## EXERCISE
The answer must restate the listing word for word, without its images.

## DATA SEGMENT

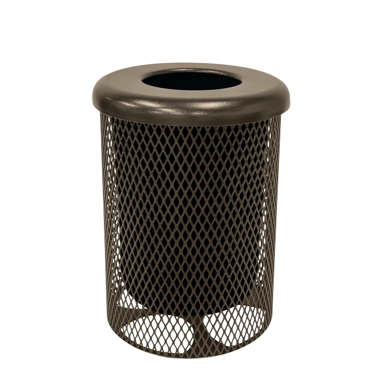 COATEDOUTDOORFURNITURE RFT-TXTBRW Heavy Duty Round Trash Receptacle with Flat Top, Liner Included, 32 Gallon, Textured Brown, Made in America
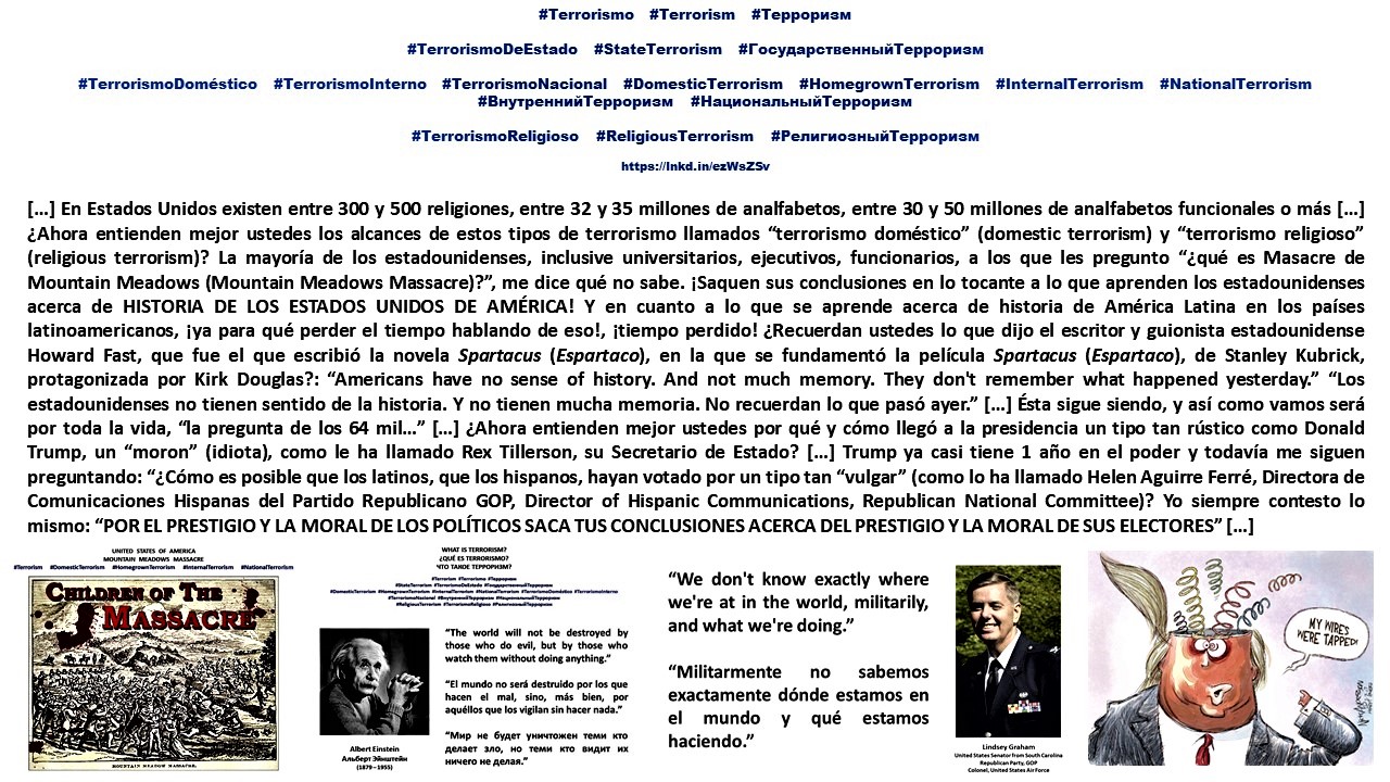 TERRORISMO DE ESTADO, DOMÉSTICO, INTERNO, NACIONAL, RELIGIOSO. RELIGIÓN, RELIGIONES, FANATISMO, ANALFABETISMO, CULTURA, EDUCACIÓN, POLÍTICOS, POLÍTICA, ELECCIONES, DONALD TRUMP, TER
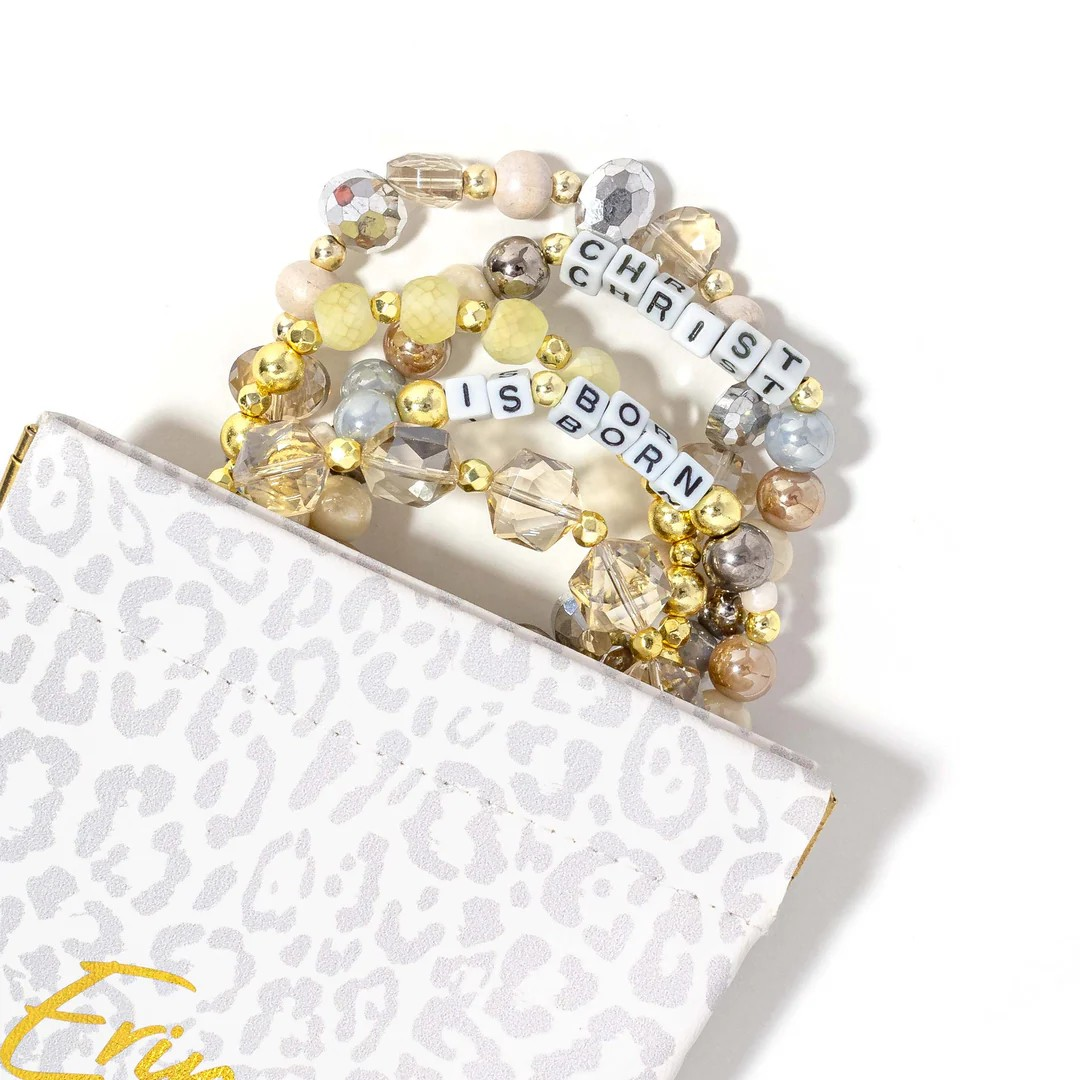 Introducing the Limited Edition Christ is Born Stack, a shimmering and sparkling bracelet collection that beautifully captures the true meaning of the season. This exclusive stack is a must-have for anyone looking to elevate their holiday style with a touch of sophistication and elegance. Let these stunning pieces be a reminder of the reason for the season every time you wear them.

## PROBLEM SOLUTION
 COATEDOUTDOORFURNITURE RFT-TXTBRW Heavy Duty Round Trash Receptacle with Flat Top, Liner Included, 32 Gallon, Textured Brown, Made in America
 TERRORISMO DE ESTADO, DOMÉSTICO, INTERNO, NACIONAL, RELIGIOSO. RELIGIÓN, RELIGIONES, FANATISMO, ANALFABETISMO, CULTURA, EDUCACIÓN, POLÍTICOS, POLÍTICA, ELECCIONES, DONALD TRUMP, TER
 Introducing the Limited Edition Christ is Born Stack, a shimmering and sparkling bracelet collection that beautifully captures the true meaning of the season. This exclusive stack is a must-have for anyone looking to elevate their holiday style with a touch of sophistication and elegance. Let these stunning pieces be a reminder of the reason for the season every time you wear them.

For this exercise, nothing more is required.